Archbishop Edward A. McCarthy High School (abbreviated AMHS) was opened in 1998 in Southwest Ranches, Florida, United States. Sponsored by the Roman Catholic Archdiocese of Miami, it is accredited through the Southern Association of Colleges and Schools. Named after the second Archbishop of Miami, Edward A. McCarthy, the school's mascot is the Maverick. The  founding principal of the school was Dr. Richard Perhla. Students wear a uniform consisting of a solid white or light blue shirt, AMHS khaki slacks, a black leather belt, black shoes, and a student ID with AMHS lanyard. As of the 2019–2020 school year, there are 1,700 students enrolled in grades nine through twelve. Since 2005 AMHS has been named one of the Top 50 Catholic Schools in the nation by the Catholic High School Honor Roll and is a part of the Catholic Education Honor Roll for 2018–2023. Archbishop McCarthy is an Apple Distinguished School.
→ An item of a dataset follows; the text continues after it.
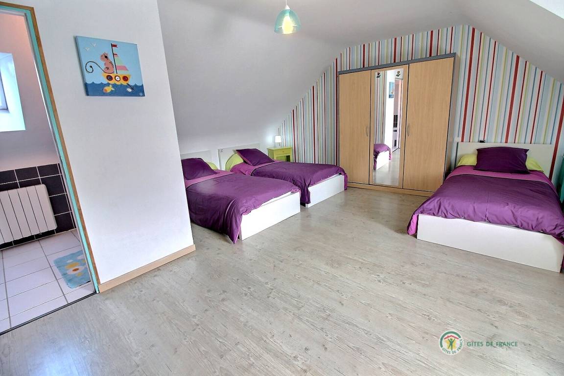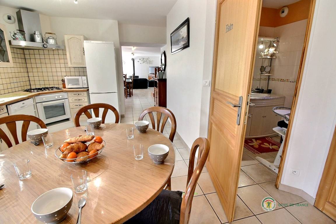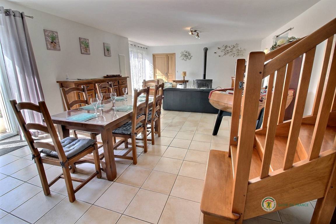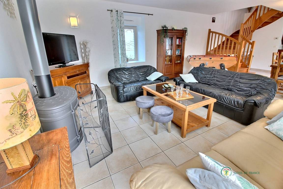 Ihre Ferienwohnung umfasst im Erdgeschoss: eine voll ausgestattete Küche mit Hochstuhl für Babys, ein großes Wohnzimmer mit Holzofen, WC, ein Badezimmer. Im Obergeschoss 3 Schlafzimmer: eines für Kinder mit 3 Betten (90X200), Spielzeug, ein Badezimmer mit Badewanne und Badewannenausstattung für Babys. Ein Schlafzimmer mit 140X200 Bett und ein Schlafzimmer mit 140X190 Bett, ein Badezimmer und eine Toilette. Dieses Ferienhaus ist ideal für eine Familie mit Kindern und Babys. Möglichkeit der Bereitstellung eines Kinderwagens und eines Parks.

AMHS has received Innovations in Catholic Education from Today's Catholic Teacher.

Campus 
Archbishop McCarthy High School is a Catholic college preparatory institution in the South Florida area. The campus consists of a main two-story building, a football field with a surrounding track, one baseball diamond, one softball diamond, a Student Center with its own "Maverick Grill" and a Performing Arts Center. The school has an air conditioned gymnasium, indoor weight room, five "learning modules", an outdoor courtyard, a chapel, and a  parking area.

The iPad 2 Program

With the start of the 2011–2012 school year, Archbishop McCarthy High School implemented a student one-to-one iPad school, making it the first in South Florida. This system allows students as well teachers to enhance the classroom environment and make learning state-of-the-art. Most iPads have textbooks and allow the students many opportunities to access their textbooks, take notes, and complete their assignments. This program is one of the most renowned accomplishments by AMHS as a college preparatory and top Catholic high school.

Academics 
The school is a college preparatory institution. Archbishop McCarthy has been awarded National Catholic high school honor roll every year since 2005.  The school has a dual enrollment program through St. Thomas University in addition to an Advanced Placement Program. AMHS draws students from Broward, Dade and Palm Beach counties.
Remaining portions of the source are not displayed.